Я остановилась на взгляде Глеба? Так вот: этот взгляд решил всю мою дальнейшую судьбу. И не только мою. Я вдруг всё поняла, вспомнив задним числом многое мелкое, всякие прежде казавшиеся неважными детали. В его взгляде была адская боль от… стыда. Стыда за меня. Понимаете? Он тоже все годы, как и я, проходил свою Голгофу. Про свою я уже рассказала, но в одну секунду мне стали понятны жуткие мучения любимого человека. Все десять лет он чувствовал неловкость – за меня, такую некультурную, такую простую, как трояк, не умеющую одеваться, не знающую наизусть биографию Пикассо, не разбирающуюся в тонкостях исторических перипетий петровской и послепетровской России.
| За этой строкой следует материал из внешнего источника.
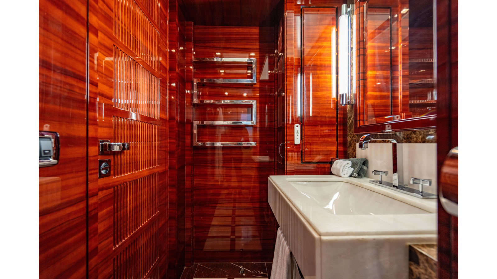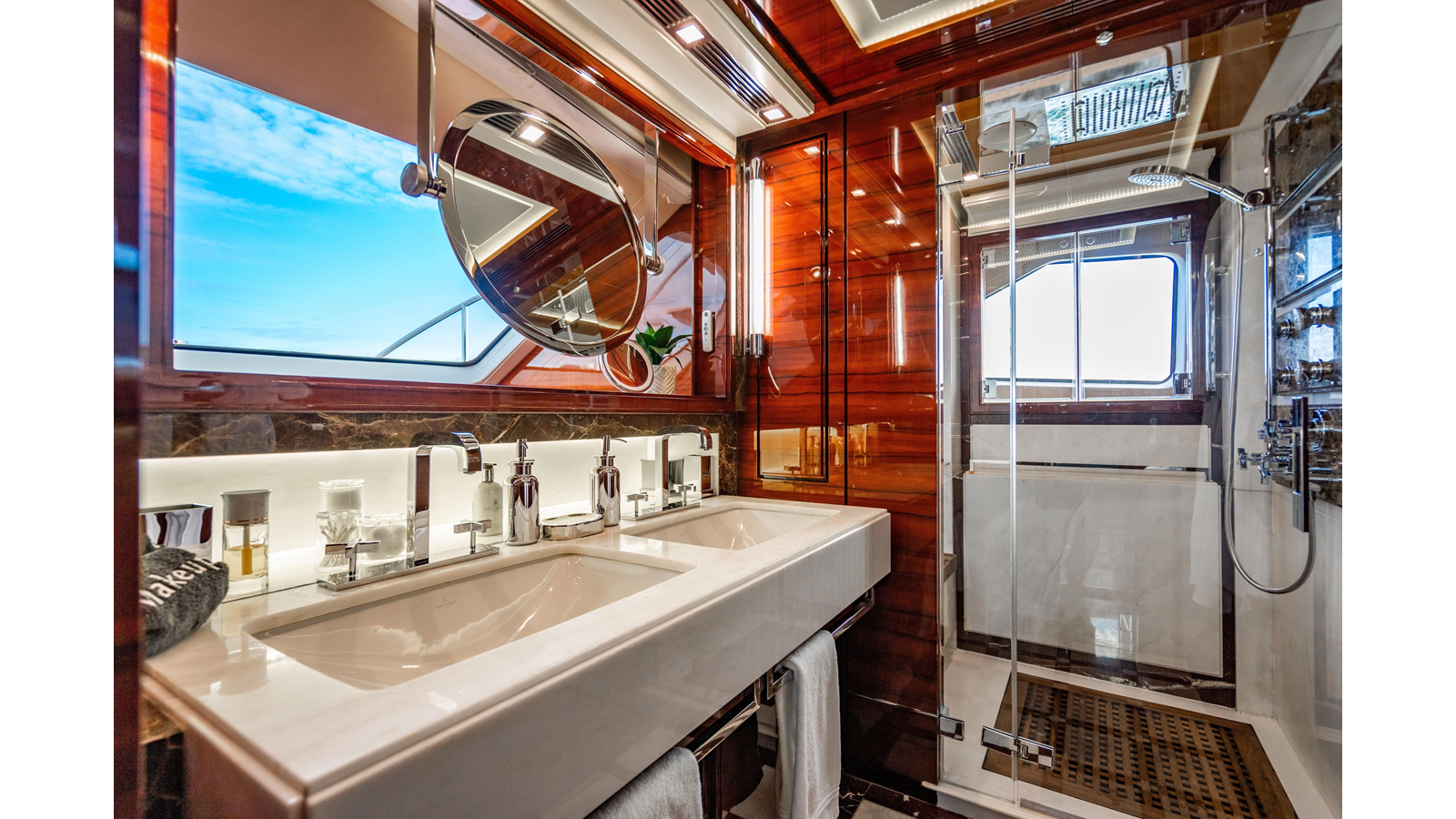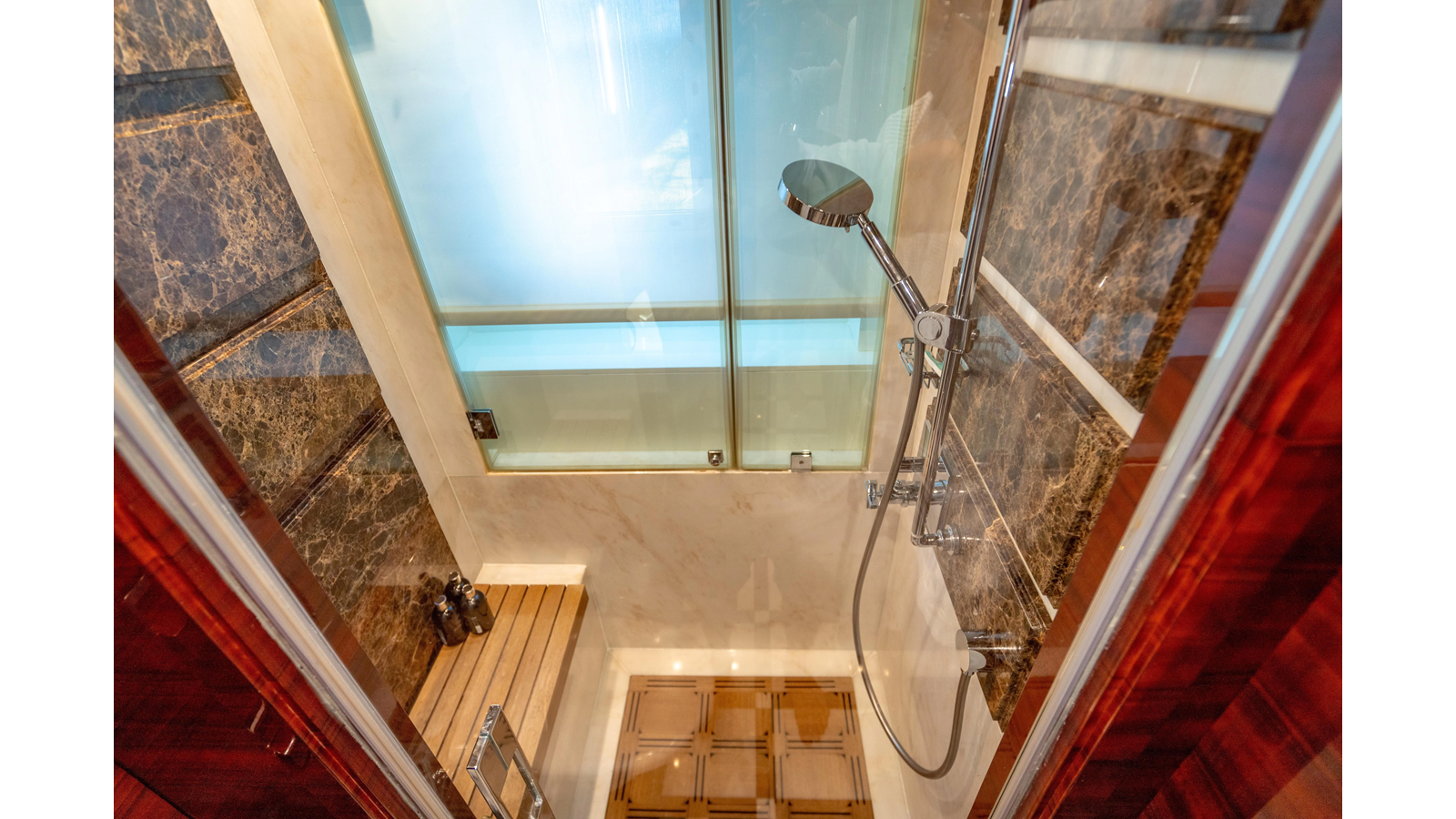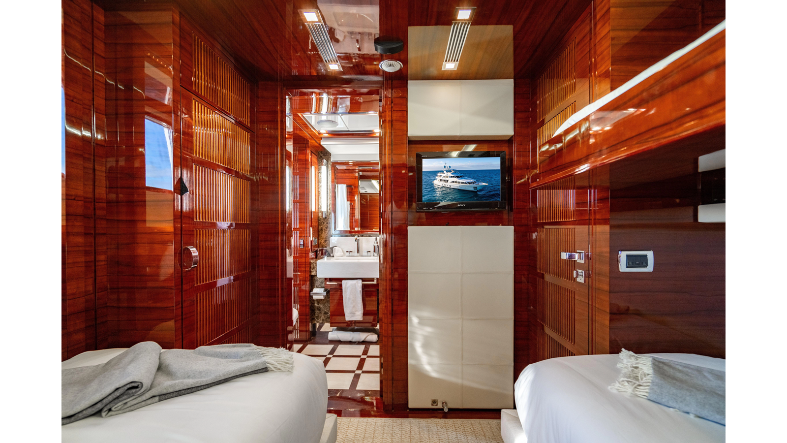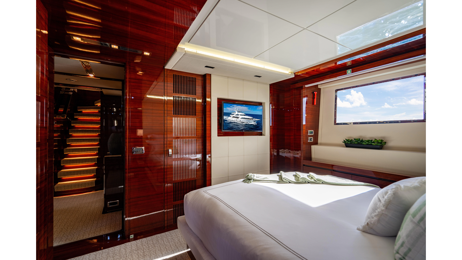 The interior was further updated in 2022/2023 to a more modern décor by Patrick Knowles at a cost of approximately $2 million. Interior soft goods, blinds, and furniture were replaced, and the pilothouse navigation system was upgraded to Garmin electronics, featuring five 22-inch Garmin screens and an additional 10-inch GPS unit with monitoring in the captain’s cabin and crew area.

Такую контрастирующую со всем их обществом и укладом.
А ведь наверняка были "хорошие девочки" в их кругу, которых Глебу всячески рекомендовали, и мама, наверно, говорила: "Глебушка, присмотрись к той девочке, какая хорошая девочка, ну просто прелесть и из хорошей семьи!". Умненькие, правильно образованные, чудесного происхождения девицы, а вовсе не дефектные дефектологи! Но он, несчастный, жаждал бури, полюбил меня, а его родители, как культурные граждане экстракласса ни в коем случае не вмешивались в выбор сына и не капали ему на мозги. Может, сказали пару раз: "Глебушка, ты б подумал всё-таки хорошенько, тебе же с ней жить, детей рожать, это надолго!". Слушать маму надо было, Глебушка-голубчик! Мама плохого не посоветует. А теперь вот уже и сыну нашему почти шесть лет, а ты всё краснеешь за меня, за мои слова и спонтанные реакции. И за то, что я до сих пор фыркаю и даже иногда матерюсь, когда для суаре, устраиваемых в правильных домах, вынуждена надевать эти узкие французские костюмы, так страстно мною ненавидимые, а ты, бедный, должен слушать мою тихую матерщину и каждый раз вспоминать, что я из другого теста.
И сколько раз, интересно, в твоей голове кричало такое большое и истерическое НО: "Но я же её люблю!" Так ведь и было, правда?